Based on the strength of his work for Jein, Kerr was in 1999 invited by Mike Okuda to participate on the forthcoming reference book, Starship Enterprise, a book that chronicled all Enterprise incarnations in the Star Trek universe, slated for a 2000 release. Okuda arranged for Kerr to visit the original Enterprise model for a second time in order to get the data he was still missing. Kerr spent three days documenting the model at NASM's Suitland, Maryland Garber Preservation, Restoration and Storage Facility, where the model was stored after its 1992-1993 display and prior to the permanent display in the museum's gift shop in 2000. Kerr was assigned to provide the orthographic blueprints for the book, and he was working, again in his spare time for months, on the last of these, those of the USS Enterprise-E, when the book project was canceled. It was on this occasion that Kerr decided to digitize his blueprints in CAD-software. Okuda though, arranged Kerr to be paid for the work he had already done.
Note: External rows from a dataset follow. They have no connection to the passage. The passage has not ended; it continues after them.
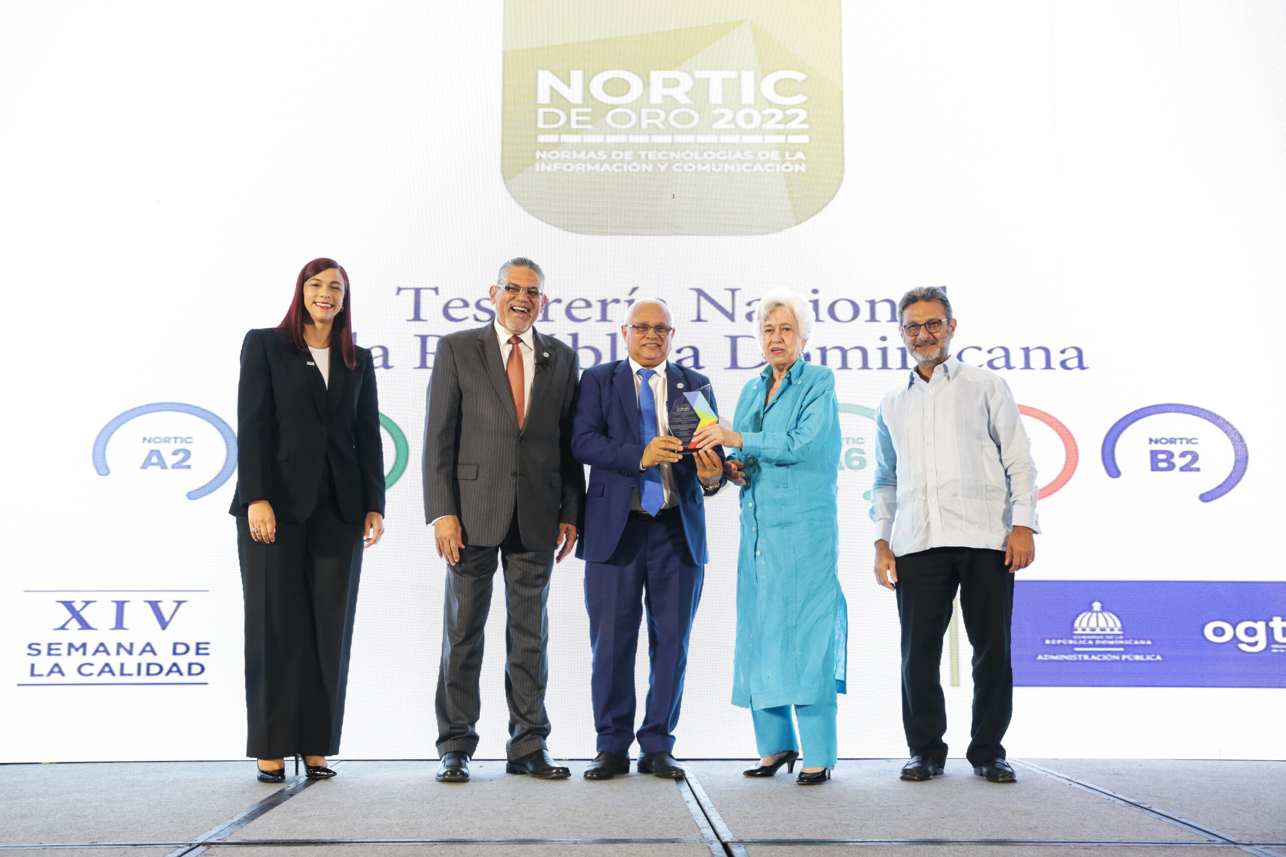 La Tesorería Nacional (TN) logró el premio Nortic de Oro 2022 por la implementación, documentación y aseguramiento del uso correcto de tecnologías de la información y comunicación de forma consistente, con el interés de mejorar los servicios públicos en beneficio de la ciudadanía.
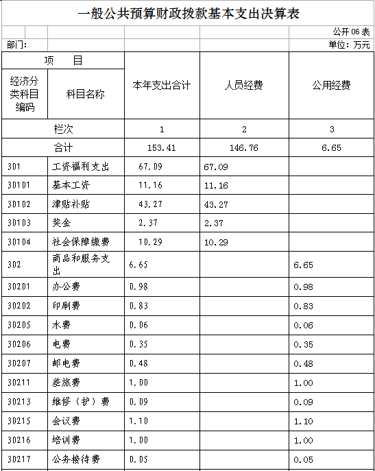 六、一般公共预算财政拨款基本支出决算表
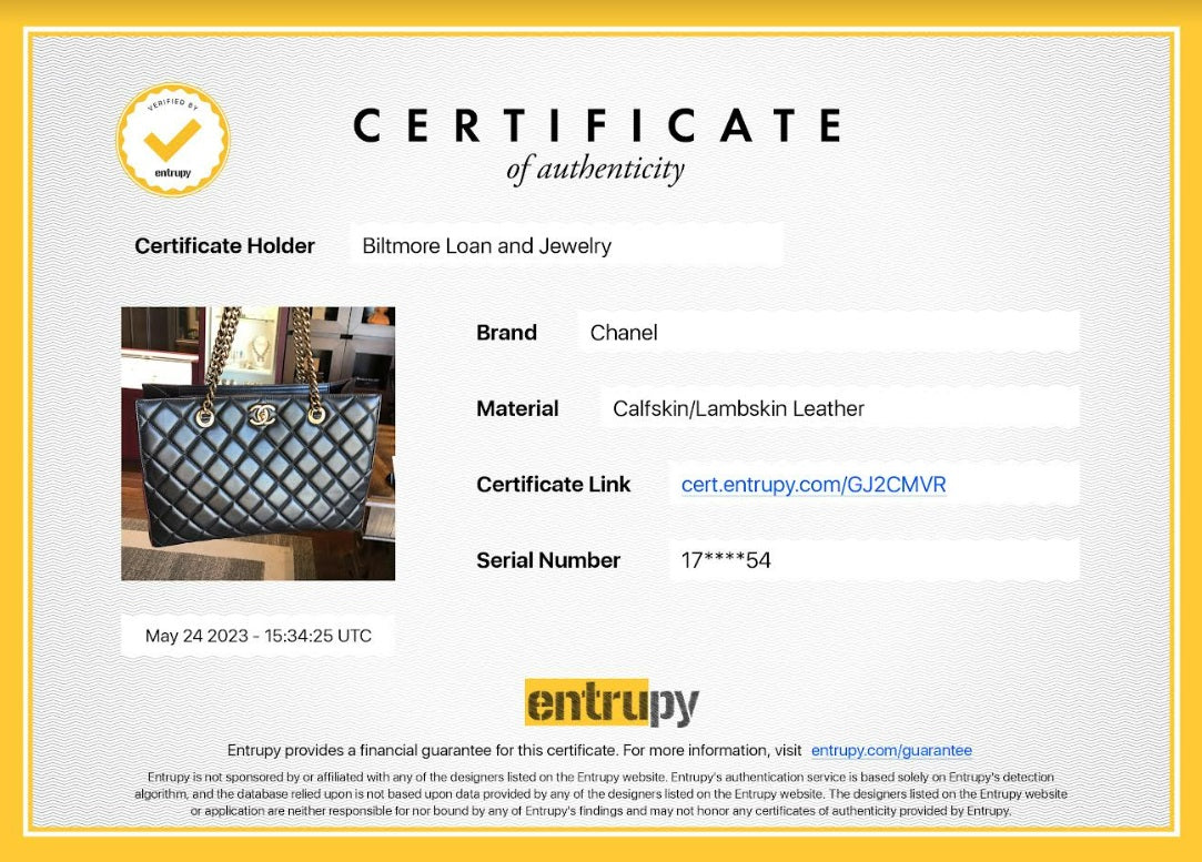 Includes: Entrupy COA

Nevertheless, two of his blueprints, those of the USS Enterprise-A and USS Enterprise-C, did turn up as centerfolds in some of the later Star Trek calendars. Also involved on the project was friend Petri Blomqvist, with whom he has kept cooperating by sharing the information he accumulated, and who was brought in as well by Okuda, on recommendation of Kerr. (Sci-fi & fantasy modeller, Vol. 26, pp. 40, 44)
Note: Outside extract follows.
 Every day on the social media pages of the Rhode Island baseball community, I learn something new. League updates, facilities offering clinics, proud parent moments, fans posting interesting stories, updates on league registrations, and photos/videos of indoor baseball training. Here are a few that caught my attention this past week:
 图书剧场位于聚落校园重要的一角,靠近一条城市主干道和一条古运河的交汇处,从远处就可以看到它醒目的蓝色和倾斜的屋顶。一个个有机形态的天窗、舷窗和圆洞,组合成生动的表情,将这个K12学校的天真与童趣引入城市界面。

In the following years, Kerr kept refining his blueprints in conjuncture with Blomqvist, who in turn kept refining his CGI models, and three years after the canceled book project Kerr was contacted by Doug Drexler when he sought out input for the build of his CGI original Enterprise, he was constructing for use in the Star Trek: New Voyages fan films. [X]wbm Aside from providing him with the measurements, Kerr also brought Drexler into contact with Blomqvist, who was able to help out Drexler by bringing in the geometry into his model. Drexler, as visual effects supervisor, in turn, submitted Kerr's and Blomqvist's work the subsequent year as reference to Eden FX, where Koji Kuramura was constructing a CGI version of another Constitution-class vessel, the USS Defiant for the Star Trek: Enterprise fourth season episodes "In a Mirror, Darkly" and "In a Mirror, Darkly, Part II". Co-worker Robert Bonchune, who was responsible for mapping and lighting the model, elaborated, "Any ship dimensional reference material we needed was provided by Doug Drexler as well as Koji's own research. I know Doug is good friends with Gary Kerr, so I am sure that made it's way to us through him. As for the Petri help, Koji used his shape for the back end of the nacelle cap as a reference piece. We needed it built differently."[1]

It was in 2006 that Kerr was again contacted by Mike Okuda, when CBS Digital started to run into troubles with the production of the remastered Original Series. Initially, CBS had decided to build the CGI models for the project themselves, despite the fact that several professional parties had made pitches for the commission. But due to strict release schedules, CBS was forced to rely on a third party Enterprise CGI model, and a candidate was sent to Kerr for evaluation by Okuda. Kerr discovered that the model was lacking in accuracy and sent his findings to Visual Effects Supervisor Niel Wray. Wray concurred, and was desperate to come up with a replacement. It was then that Kerr suggested Petri Blomqvist's model, a model he knew had been refined for over a decade by that time. It was Blomqvist's model CBS bought and used in the remastered series, and since his model was based on Kerr's blueprints, it has earned them both their official credit. (Sci-fi & fantasy modeller, Vol. 26, pp. 48-49) Kerr also provided other services to the production, among others reference material for the Deep Space Station K-7, stemming from his vast archive. [2]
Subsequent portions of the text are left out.